Quick Tip: Writing Content that Sucks Your Reader In
Articles are the bedrock of your content marketing strategy. If you are going to enlarge the size of your Web footprint, then you must start here. That’s because so many other things can be developed from them as a result.
Most guidance on how to write articles tells you to start from the beginning: decide on your title, then write the introduction, then argue your points, draw a conclusion, and finish with your anchor text.
That approach is fine if you have a clear idea of how all of those parts fit together. In fact, if you understand those things really well, then you should be able to write straight through without having to think about it all.
But, if you’re struggling with the title or the introduction, or even the main points, then you need to reverse the order. Start with the conclusion, then do the bullets, and then the introduction.
The introduction is probably the most challenging part of any article. That’s because if your readers aren’t persuaded by what it says, then they won’t be bothered to read the rest of your article. So that introduction has to be spot on. It has to be compelling.
The problem, of course, is that it’s difficult to make it compelling without knowing in advance what you’re going to say in the rest of the article.
The introduction is like the overture in an opera. You can’t weave the themes together into a meaning summary if you don’t know what they are; and you can’’t know what they are until you’ve written them. But once you have them, then all you have to do is put them in one place, and then consider them together.

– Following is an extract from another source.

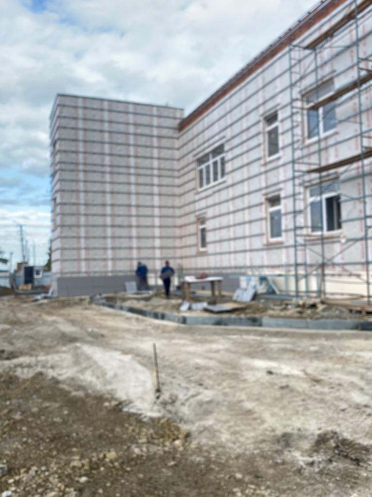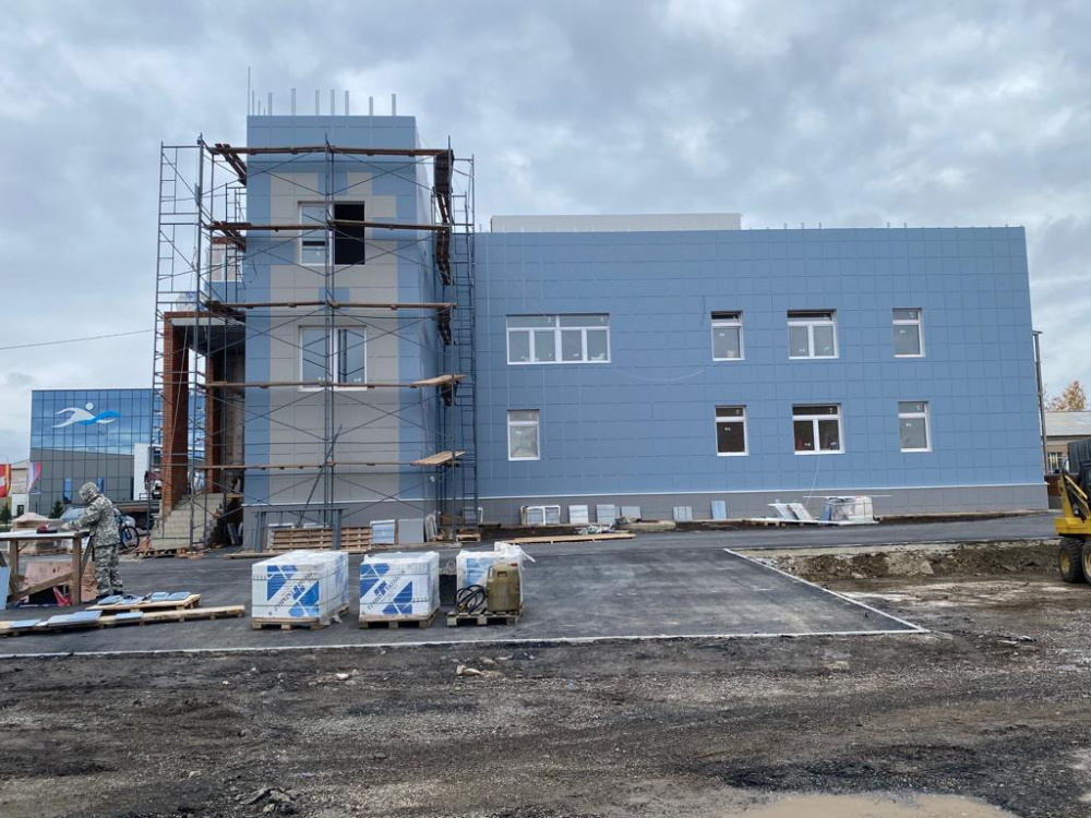 Срок сдачи объекта — до конца этого года. На сегодняшний день выполнено 72% работ. На стадии выполнения внутренняя отделка и благоустройство прилегающей территории.

So imagine that you have your ideas, your points, in front of you, then what? The thing to do is to put them in the same order as they appear in the body of your article. If you want to, then you can put them just like that in your introduction. But remember that you want to draw people into the article. You want to tease them. And so it’’s probably better to write one sentence that sets the context, another one that states the problem, and a third one that tells them how you’re going to solve it. In that way they’ll get a short synopsis of what you have to say.